Introduction to openEBGM

Background

William DuMouchel (1, 2) created an empirical Bayes (EB) data mining approach for finding “interestingly large” counts in contingency tables. DuMouchel’s approach works well even when most of the counts are zero or one (i.e., a sparse table). The benefit of DuMouchel’s model over simpler approaches such as the relative reporting ratio, $$RR$$, is that Bayesian shrinkage corrects for the high variability in $$RR$$ that results from small counts.

The rows and columns of the table represent levels of two different variables, such as food or drug products and adverse events:

Product A 0 1 0
Product B 4 0 0
Product C 1 0 9

The relative reporting ratio is calculated as $$RR=\frac{N}{E}$$, where $$N$$ is the actual count for a cell in the table and $$E$$ is the expected count under the assumption of independence between rows and columns. When $$RR = 1$$, you observe the exact count you would expect to observe if no association exists between the two variables. When $$RR > 1$$, you observe a larger count than expected. This approach works well for large counts; however, small counts cause $$RR$$ to become quite unstable. For instance, an actual count of $$N = 1$$ with an expected count of $$E = 0.01$$ gives us $$RR = 100$$ – which seems large – but a single event could easily occur simply by chance.

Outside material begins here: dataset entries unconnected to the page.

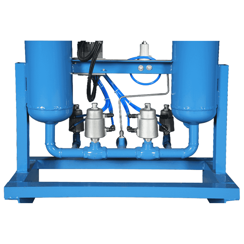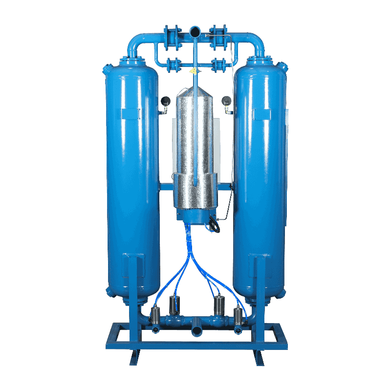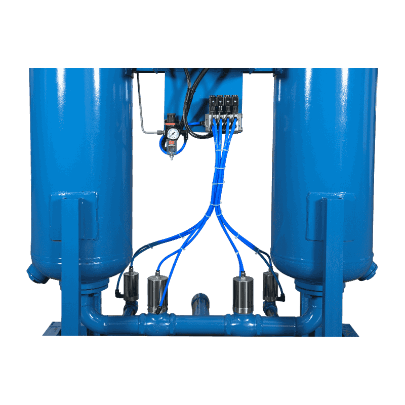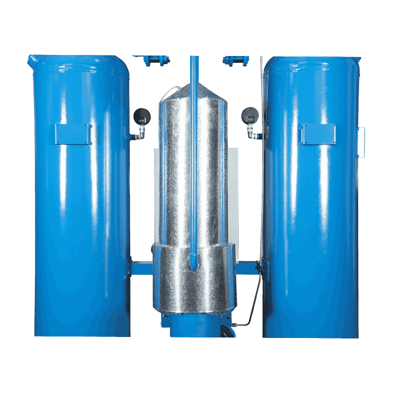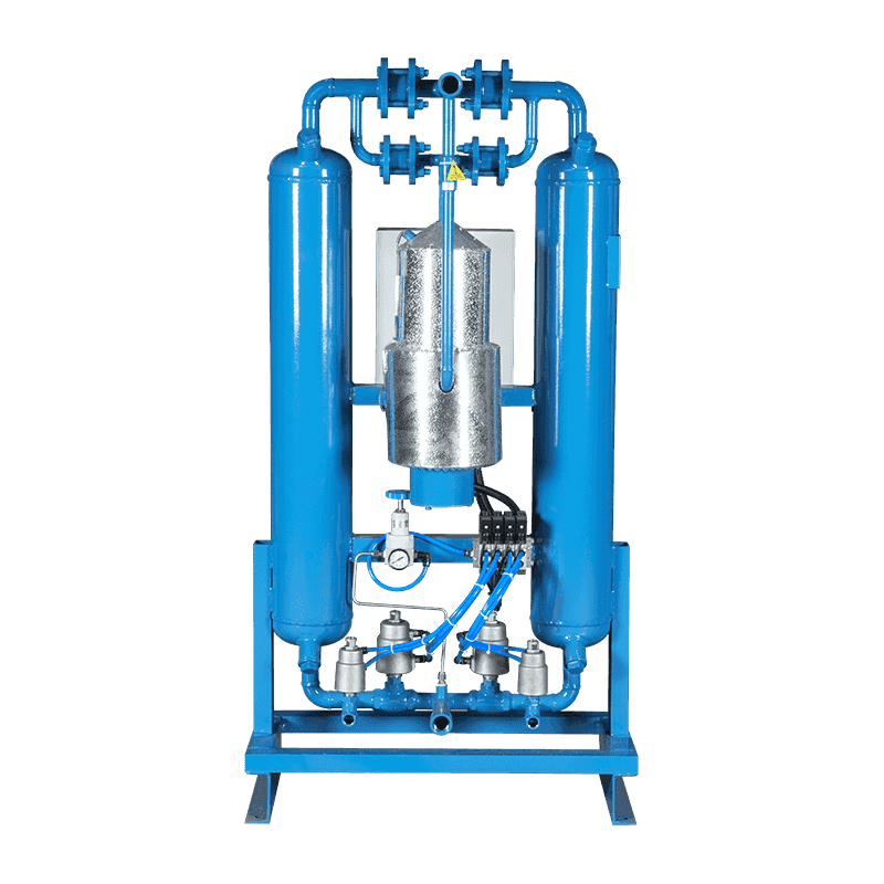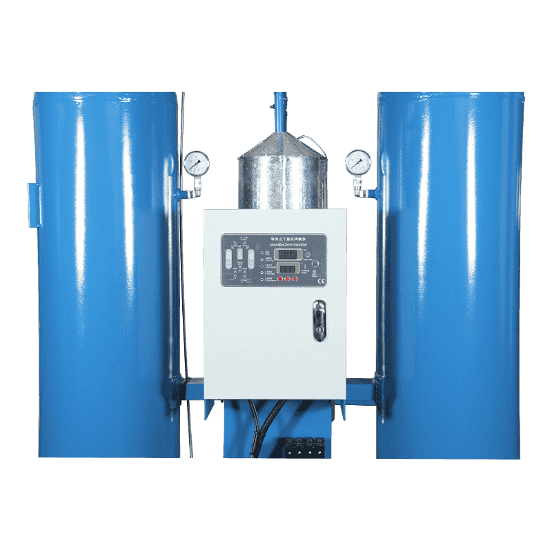 Ang serye ng mga adsorption dryers ay pinagsasama ang mga pakinabang ng presyon ng swing adsorption at temperatura swing adsorption. Adsorption (nagtatrabaho) sa temperatura ng silid at mataas na singaw ng tubig na bahagyang presyon: desorption (pagbabagong -buhay) sa mas mataas na temperatura at mababang singaw ng tubig na bahagyang presyon. Ang kahalumigmigan na na-adsorbed ng adsorbent sa panahon ng proseso ng adsorption ay tinanggal sa pamamagitan ng pinagsamang pagkilos ng dalawang mekanismo ng thermal diffusion at ang mataas na presyon ng pagkakaiba-iba ng pagbabagong-buhay gas (dry air heating) sa panahon ng proseso ng pagbabagong-buhay.
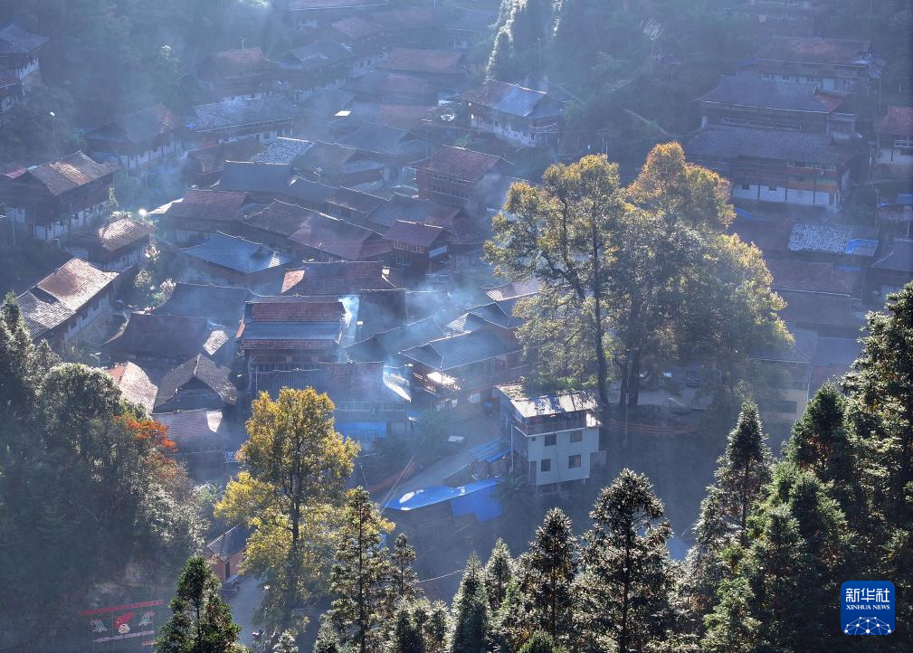 树木掩映下的广西柳州市融水苗族自治县杆洞乡乌英苗寨(无人机照片,2024年11月9日摄)。
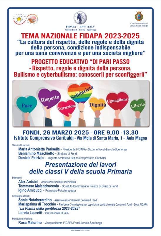 Si terrà mercoledì 26 marzo, dalle 9:00 alle 13:30, presso l’aula magna dell’Istituto comprensivo Garibaldi, la giornata conclusiva del progetto educativo “Di pari passo – Rispetto, regole e dignità della persona.Bullismo e cyberbullismo: conoscerli per sconfiggerli” promosso dalla sezione Fondi – Lenola – Sperlonga della FIDAPA.

The EB approach shrinks large $$RR$$s that result from small counts to a value much closer to the “null hypothesis” value of 1. The shrinkage is smaller for larger counts and negligible for very large counts. Shrinkage gives results that are more stable than the simple $$RR$$ measurement.

DuMouchel’s model uses a Poisson($$\mu_{ij}$$) likelihood (i.e. data distribution) for the actual cell counts, $$N_{ij}$$, in row i and column j. The expected cell counts, $$E_{ij}$$, are treated as constants. We are interested in the ratio $$\lambda_{ij}=\frac{\mu_{ij}}{E_{ij}}$$, which is analagous to $$RR=\frac{N}{E}$$. The prior on $$\lambda$$ is a mixture of two gamma distributions, resulting in a posterior distribution for $$\lambda$$ which is a mixture of two gamma distributions. Hence, the model is sometimes referred to as the Gamma-Poisson Shrinker (GPS) model. The posterior distribution of $$\lambda$$ can be thought of as a Bayesian representation of $$RR$$. Summary statsistics from the posterior distribution are used as attenuated versions of $$RR$$.

Each cell in the contingency table will have its own posterior distribution determined both by that cell’s actual and expected counts (the data) and by the distribution of actual and expected counts in the entire table (the prior). Often, the Empirical Bayes Geometric Mean $$(EBGM)$$ of the posterior distribution is used in place of $$RR$$. Alternatively, the more conservative percentiles (5th, 10th, etc.) can be used. The percentiles can also be used to construct Bayesian credible intervals. Similar to $$RR$$, an $$EBGM$$ (or lower percentile) much bigger than 1 represents an actual count much bigger than expected. Such cases might represent signals of interest, and the product/event pair can be further examined by subject matter experts to determine if the association might actually be causal in nature.

An extension of the GPS model, the Multi-Item Gamma-Poisson Shrinker (MGPS) model (2001), is currently being used by the U.S. Food and Drug Administration (FDA) to find higher-than-expected reporting of adverse events associated with food, drugs, etc. For instance, FDA’s Center for Food Safety and Applied Nutrition (CFSAN) uses the MGPS model to mine data from the CFSAN Adverse Events Reporting System (CAERS): https://www.fda.gov/Food/ComplianceEnforcement. (The variables forming the rows and columns of the contingency table are product and adverse event.) MGPS allows for product interactions, unlike the GPS model implemented in openEBGM (3), which can only use individual product-event pairs.

Purpose

The openEBGM package implements DuMouchel’s approach with some small differences. For example, the expected counts are calculated by counting unique “transactions” (2) in each row and column, not actual marginal totals. In the CAERS data, a unique report is a transaction. In some applications, a single transaction could occur in several cells. For instance, a single CAERS report might mention multiple products and/or adverse events. Using simple marginal totals would then count a single report multiple times.

This document teaches you how to prepare your data for use by openEBGM’s functions. Other vignettes give explanations and examples of more advanced topics:

• Raw data processing: Process your data to find counts and simple disproportionality measures.

• Hyperparameter estimation: Estimate the hyperparameters of the prior distribution.

• Empirical Bayes metrics: This is the ultimate goal. Calculate Empirical Bayes metrics ($$EBGM$$ and quantile scores) based on the posterior distribution.

• Object-oriented features: Create objects of a special class (openEBGM) to use with generic functions such as plot().